Print exactly, and only, the lines from the one that has "Plate a bed" through the end of the material below, with both ends included and the pictures omitted.
(Record extracts Opens)
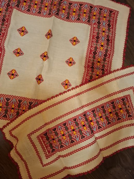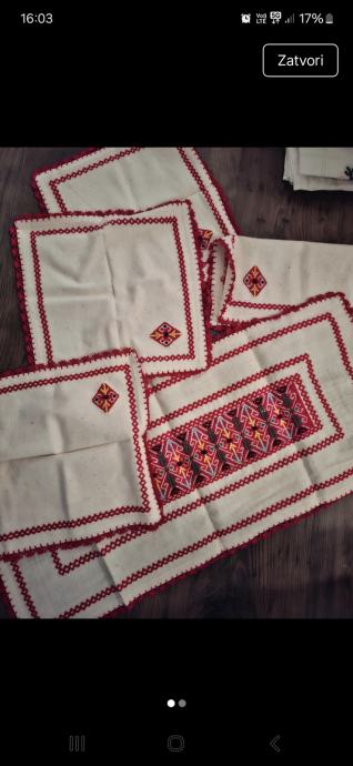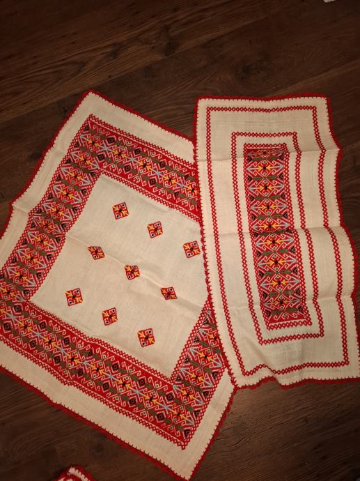 U kompletu dva vezena stolnjaka , uz njih šest malih koju idu gratis uz kupnju ta dva, jer su dobili mrljice
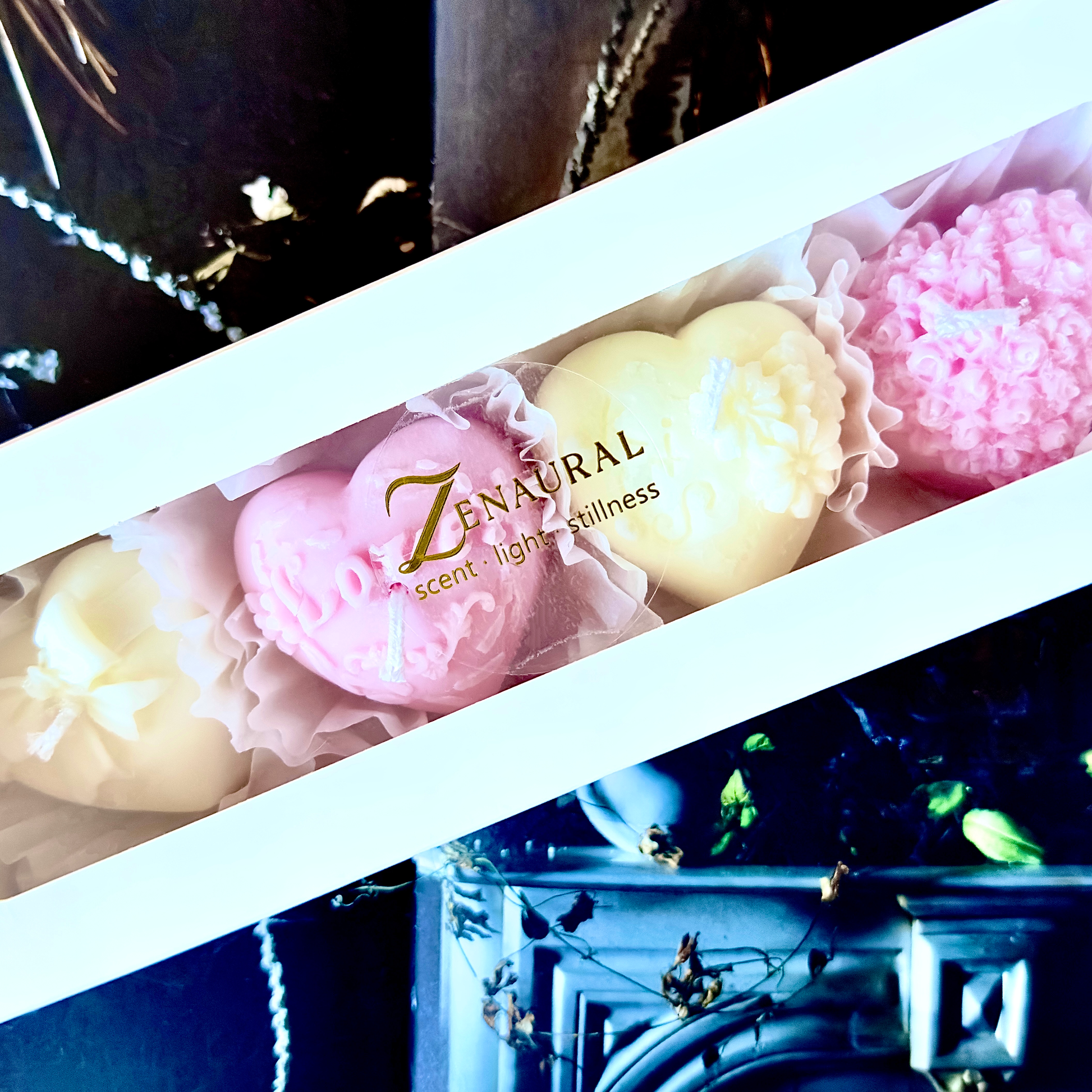 Light first, melt after. A balanced duet of blush and white—four hearts that glow with a petite flame, then live on as melts for long-lasting fragrance.
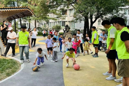 活动在欢声笑语中开始,志愿者通过篮球项目依次开展热身活动,课堂游戏,放松小结,引导小朋友们运动前做好热身活动,调动学习的积极性。随后,小朋友们运传球接力小游戏体验运球姿势,以及体会篮球项目团结协作的体育精神,快乐跳跳绳让小朋友们在体育项目中,找到运动的乐趣,从而收获了进步与快乐。
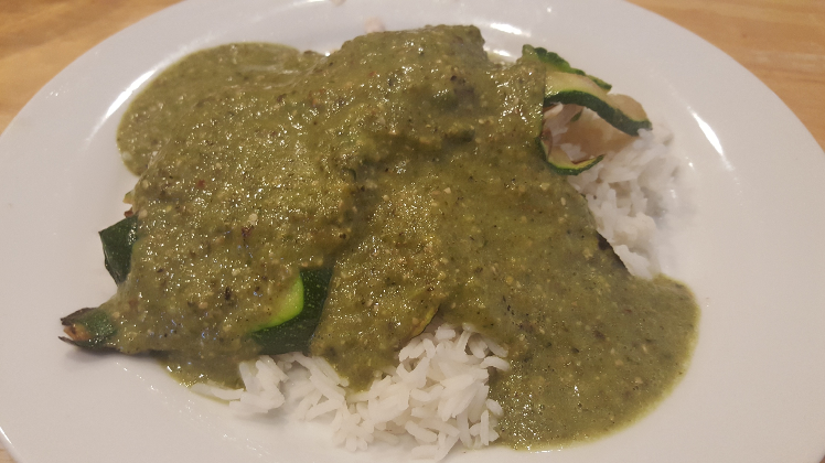 Plate a bed of Basmati Rice. Cover with a few slices of Zucchini. Add pieces of the poached Chicken. Cover generously with Green Mole Sauce. Garnish with a sprinkling of Sesame Seeds.
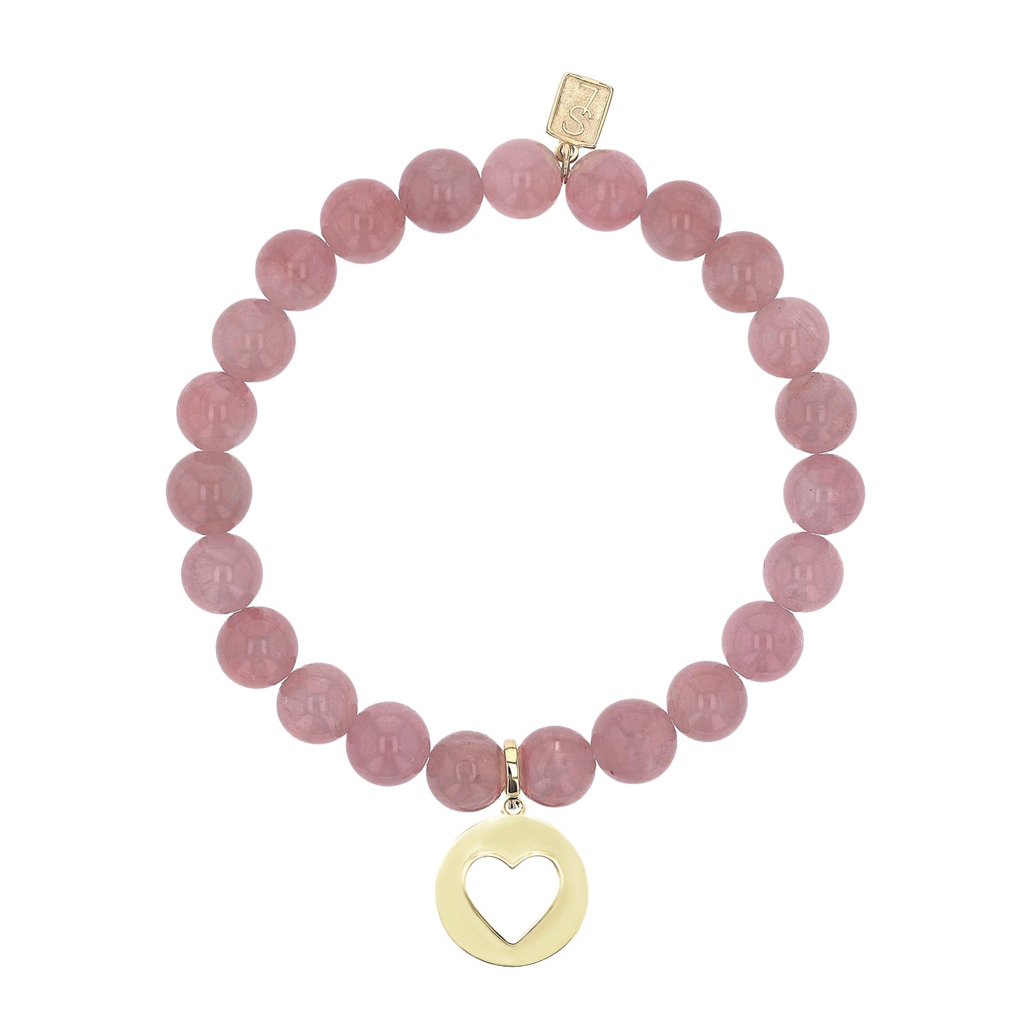 Bracelet en quartz rose 14 carats avec breloque cœur ouvert - 8 mm
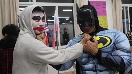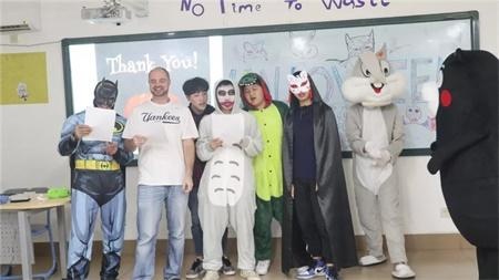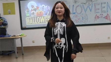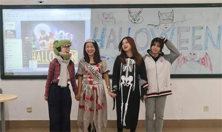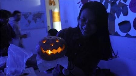 活动前孩子们做了充足的准备,提前画好了鬼魔妆,关上灯等待着活动的开始。活动首先在外籍教师houtan的激情展示中拉开了帷幕,他通过一张张丰富的图片和诙谐的语言向大家展示了万圣节的历史及西方的庆祝活动,使现场的每个人感受到了浓浓的节日气氛。
(Record extracts Closes)
Answer section —
 Plate a bed of Basmati Rice. Cover with a few slices of Zucchini. Add pieces of the poached Chicken. Cover generously with Green Mole Sauce. Garnish with a sprinkling of Sesame Seeds.
 Bracelet en quartz rose 14 carats avec breloque cœur ouvert - 8 mm
 活动前孩子们做了充足的准备,提前画好了鬼魔妆,关上灯等待着活动的开始。活动首先在外籍教师houtan的激情展示中拉开了帷幕,他通过一张张丰富的图片和诙谐的语言向大家展示了万圣节的历史及西方的庆祝活动,使现场的每个人感受到了浓浓的节日气氛。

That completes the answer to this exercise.